As additional insurance, where offered, be sure use the "n" versions of the functions, e.g. strncpy(), strncmp(), snprintf(), etc.

Thanks for your reply. I’ve updated the code segment for communication between the arduino and RockBLOCK using CStrings and it appears to be working now. Just to confirm - is this the correct implementation of them? Software hardness and ensuring crashes related to simple things don’t happen is important :).

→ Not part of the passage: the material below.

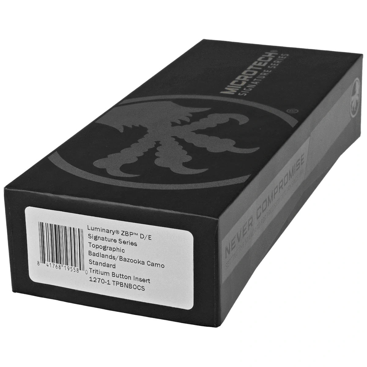 The Luminary ZBP D/E Signature Topographic Badlands/Bazooka Camo Aluminum, Topographic Badlands/Bazooka Cam o is a full-size OTF(Out The Front) automatic knife from the prestigious Signature Series line. The design is characterized by the absolute absence of any blade play when unfolded - full rigidity and confidence in the mechanism. The blade machine “blade play free” is distinguished by a number of improvements such as; Crud Kutter™, Dual-Fuel Drive Train™, Zero Blade Play™. Operating in D/A (Double Action) mode, it allows the blade to be instantly extended and retracted with a flick of the thumb, guaranteeing unparalleled speed and reliability in situations requiring immediate response. The proprietary design by Tony Marfione, founder and owner of Microtech Knives, combines modern design with the highest quality workmanship to create a unique model valued by collectors and professional users alike.

#include <SoftwareSerial.h>

#define IRIDIUM_MODEM_TRANSMIT      8
#define IRIDIUM_MODEM_RECEIVE       9
SoftwareSerial iridium_modem(IRIDIUM_MODEM_RECEIVE,IRIDIUM_MODEM_TRANSMIT);

char iridRxData[200];

void setup() {
  Serial.begin(9600);
  iridium_modem.begin(19200);
}

void loop() {

doTransmitReceiveCycle();
 delay(7000);

}

void doTransmitReceiveCycle() {
Serial.println(F("Starting Up..."));
  
 sendATCommand("AT\r", 250);

  Serial.print(F("Connection Check CString is: "));
 Serial.println(iridRxData);

 delay(2000);

 sendATCommand("AT&K0\r", 250);

 Serial.print(F("Flow Control CString is: "));
 Serial.println(iridRxData);

 delay(2000);

 sendATCommand("AT+SBDWT=test message\r", 250);

 Serial.print(F("Message Set CString is: "));
 Serial.println(iridRxData);

  delay(2000);

 sendATCommand("AT+SBDIX\r", 16000);

 Serial.print(F("Message Transmit CString is: "));
 Serial.println(iridRxData);
}


void sendATCommand(char transmission[], int rx_delay_time) {
 flushIridiumBuffer();
 flushCommandReceiveBuffer();
 iridium_modem.write(transmission);
 delay(rx_delay_time);
 int next = 0;
 while(iridium_modem.available()) {
 char inChar = iridium_modem.read();

if((int)inChar >= 32 && (int)inChar <= 94) {
        iridRxData[next++] = inChar;

   }
          Serial.print(F("In char is "));
          Serial.println((int)inChar);  
 }
 iridRxData[next++] = NULL;

}

void flushCommandReceiveBuffer() {
  for(int i = 0; i < 200; i++) {
    iridRxData[i] = NULL;
  }
  Serial.println(F("Command Container Buffer Flushed"));
}

void flushIridiumBuffer() {
  int iters = 0;
  while (iridium_modem.available() > 0) {
  iridium_modem.read();
  iters++;
}
Serial.print(F("Buffer Flush Complete. Removed ="));
Serial.println(iters);
}

Look much better! However I see a couple of issues, two minor and one major:

if((int)inChar >= 32 && (int)inChar <= 94) {
        iridRxData[next++] = inChar;
  1. no reason for the (int) cast

  2. you do NOT check for buffer overflow. You must make absolutely certain that next does not go out of bounds, or you will overwrite memory that you do not own. This is the very best way to crash an Arduino.

  3. Avoid use of delay() if at all possible. The MCU does nothing else while delaying.

Have a look at the examples in Serial Input Basics - simple reliable non-blocking ways to receive data. There is also a parse example to illustrate how to extract numbers from the received text.